Mastra does not persist workflow execution state by default. Here is what breaks, why, and four patterns to fix it.

The Problem

Mastra's workflow system is excellent for building multi-step AI pipelines. The suspend/resume API makes human-in-the-loop workflows straightforward to model. There is one catch that the docs understate: by default, Mastra stores workflow execution state in memory. When your server restarts -- after a deployment, a crash, or a Vercel cold start -- any suspended workflow is gone. No trace, no recovery, no notification to the user waiting for their result.

This is GitHub Issue #5549 and a recurring theme across Mastra's community discussions. This article explains why it happens, what your options are, and the patterns that actually work in production.

Mastra's default storage adapter is in-memory. Any workflow suspended with workflow.suspend() will be permanently lost on server restart. This affects ALL self-hosted Mastra deployments that use suspend/resume, human-in-the-loop steps, or long-running workflows.

Why It Happens

Mastra assumes short-lived execution by default -- a request comes in, a workflow runs to completion, and the result is returned. When you introduce suspend() to pause a workflow and wait for human input, the workflow state has to live somewhere between the pause and the resume. Without a configured storage adapter, it lives in process memory. That memory is gone the moment the process restarts.

This is not a bug -- it is a configuration gap. The framework supports persistent storage; it just is not the default, and the docs do not make the production implications obvious during onboarding.

Pattern 1: LibSQL / Turso Persistent Storage

Mastra ships with a LibSQL storage adapter that uses SQLite locally and can connect to a Turso cloud database in production. This is the lowest-friction production option for most self-hosted deployments.

import { Mastra } from '@mastra/core';
import { LibSQLStore } from '@mastra/libsql';
 
const mastra = new Mastra({
  storage: new LibSQLStore({
    // Local SQLite for development:
    url: 'file:./mastra.db',
 
    // Turso for production:
    // url: process.env.TURSO_DATABASE_URL,
    // authToken: process.env.TURSO_AUTH_TOKEN,
  }),
});

With this configured, suspended workflows are written to the database.

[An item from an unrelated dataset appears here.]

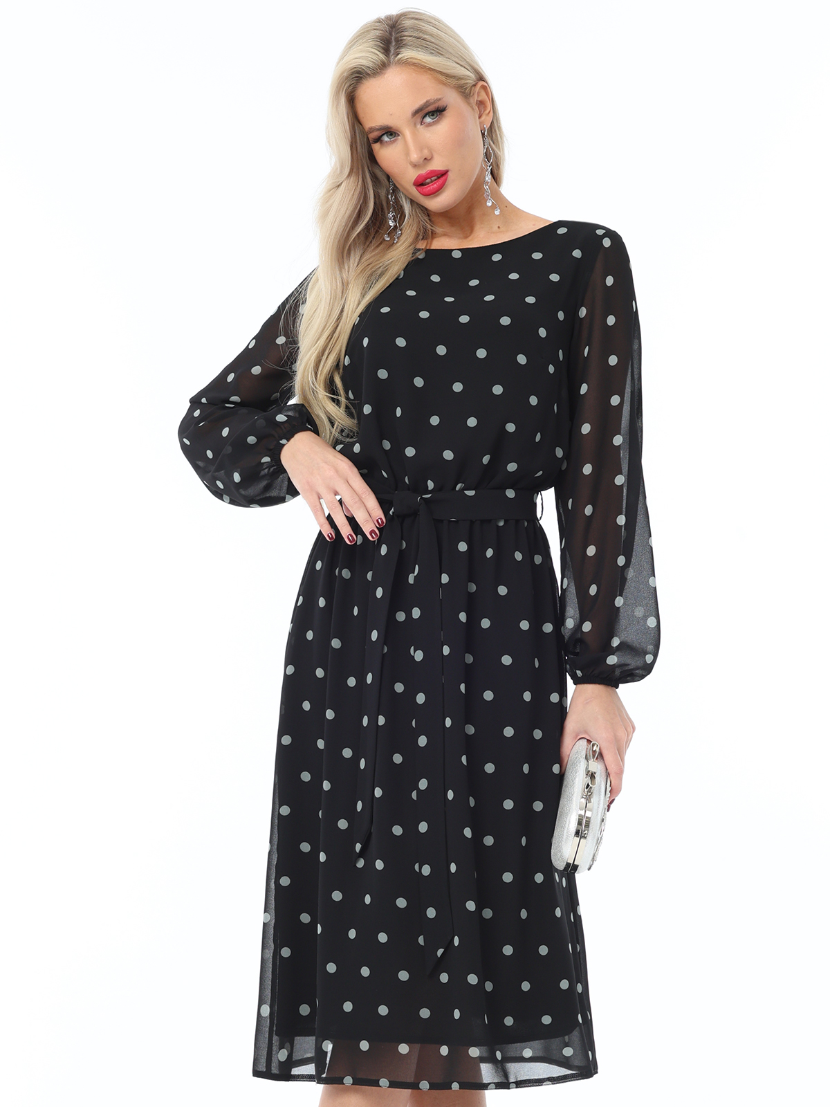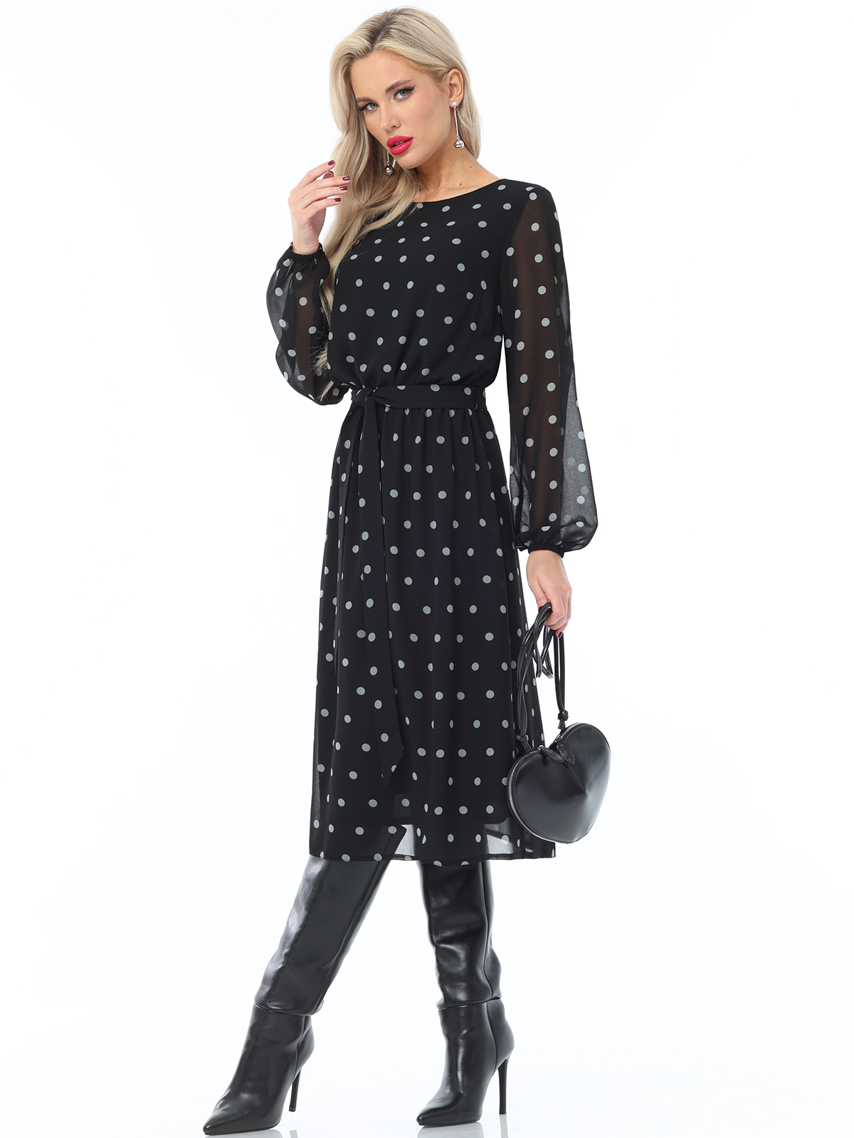 Утонченное платье с поясом — универсальная находка, которая поможет выглядеть женственно и стильно в любой ситуации. Полуприлегающий фасон с резинкой по талии красиво подчеркивает фигуру и визуально создает заветный силуэт «песочные часы». Длинные воздушные рукава придают образу легкости, а вырез-лодочка акцентирует внимание на изящных ключицах. Тонкий пояс в тон элегантно завершает образ, однако его всегда можно заменить на более заметный ремень, чтобы добавить наряду стильную изюминку. Платье выполнено из легкого, приятного к телу материала, который не просвечивает и эффектно струится в движении. Благодаря лаконичной расцветке и универсальному фасону модель подойдет как для дневных, так и для вечерних выходов. Чтобы платье не деформировалось, рекомендуется стирать его в деликатном режиме при температуре до 30 градусов, не отжимать и не выкручивать.

When your server restarts, you can resume them by run ID:

// Resuming a suspended workflow after server restart
const runId = 'run_abc123'; // stored in your DB when you called suspend()
 
const run = await mastra.getWorkflow('myWorkflow').getRunById(runId);
if (run && run.status === 'suspended') {
  await run.resume({ humanInput: 'approved' });
}

Always store the run ID in your own database (e.g. alongside the user record) when you call suspend(). This is your recovery key. If you only hold it in the Mastra store, a database wipe loses the reference entirely.

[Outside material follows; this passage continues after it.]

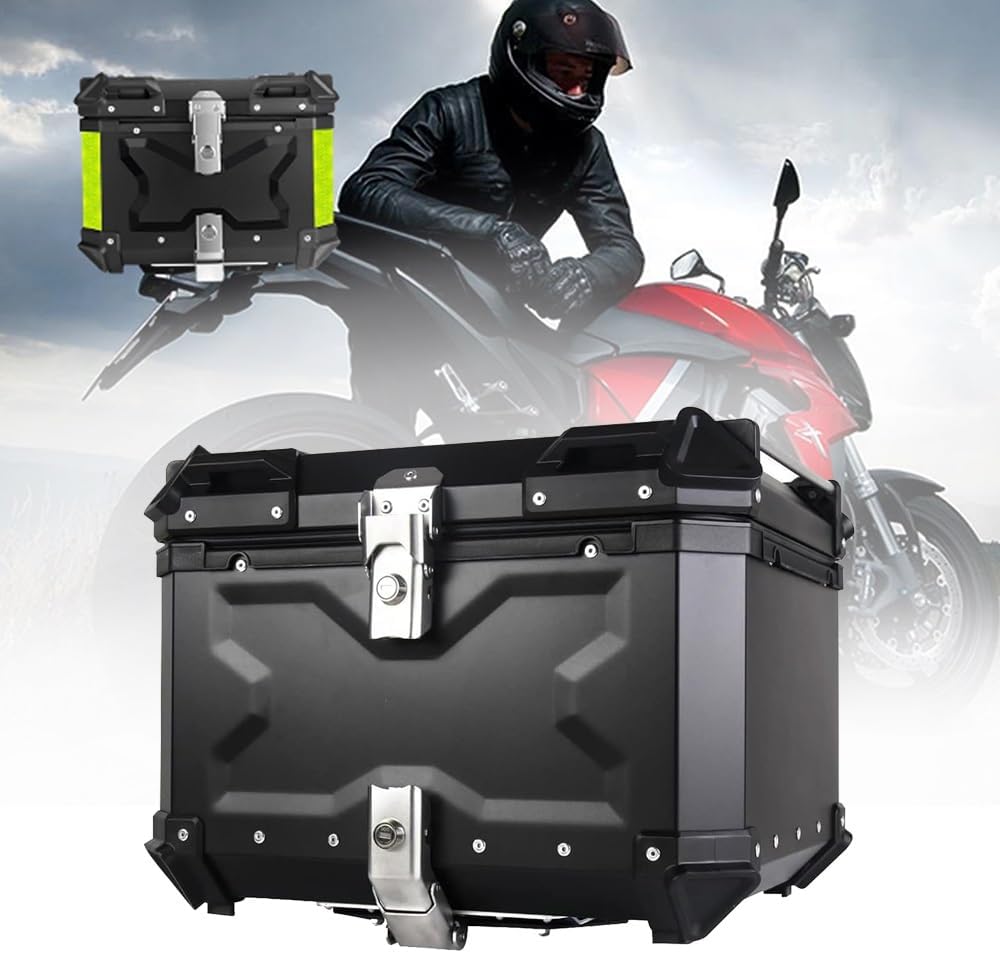 Motorcycle Trunk Top Case Waterproof Aluminum Motorcycle Tour Tail Box with Security Lock, for Storage Helmet Luggage, 28L 36L 45L 55L 65L 80L 100L(Black,28L)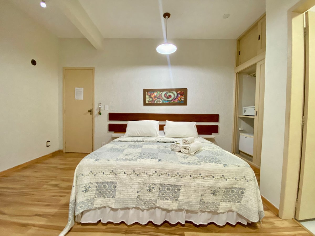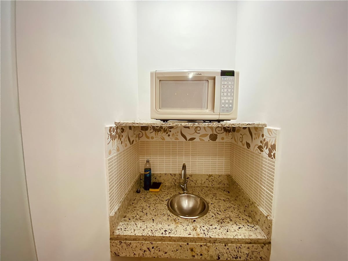 Flat novinho a 4 quarteirões da Praia do Forte em Cabo Frio, com tv, ar condicionado, cama Queen e bicama, ventilador de teto. Pequena cozinha com microondas, frigobar, utensílios, cafeteira e sanduicheira. Oferecemos lençóis 200 fios, travesseiros e toalhas de banho. Super bem localizado, perto de bancos, mercados, padarias e principais restaurantes. Bem no centro da cidade.

Pattern 2: PostgreSQL for Multi-Instance Deployments

If you are running multiple Mastra instances behind a load balancer (or deploying to a platform like Railway or Render with multiple workers), you need a shared storage backend. PostgreSQL is the recommended option.

import { Mastra } from '@mastra/core';
import { PostgresStore } from '@mastra/pg';
 
const mastra = new Mastra({
  storage: new PostgresStore({
    connectionString: process.env.DATABASE_URL,
    // Optional: separate schema to avoid conflicts with your app tables
    schema: 'mastra',
  }),
});

With PostgreSQL, any instance can resume a workflow started by any other instance -- essential for autoscaling environments.

Pattern 3: Webhook-Based Resume for Human-in-the-Loop

The most robust pattern for human-in-the-loop workflows: when the workflow suspends, send a signed webhook URL to the human reviewer (via email, Slack, etc). When they click approve or reject, the webhook fires and resumes the workflow. The server restart problem becomes irrelevant because the resume is triggered externally.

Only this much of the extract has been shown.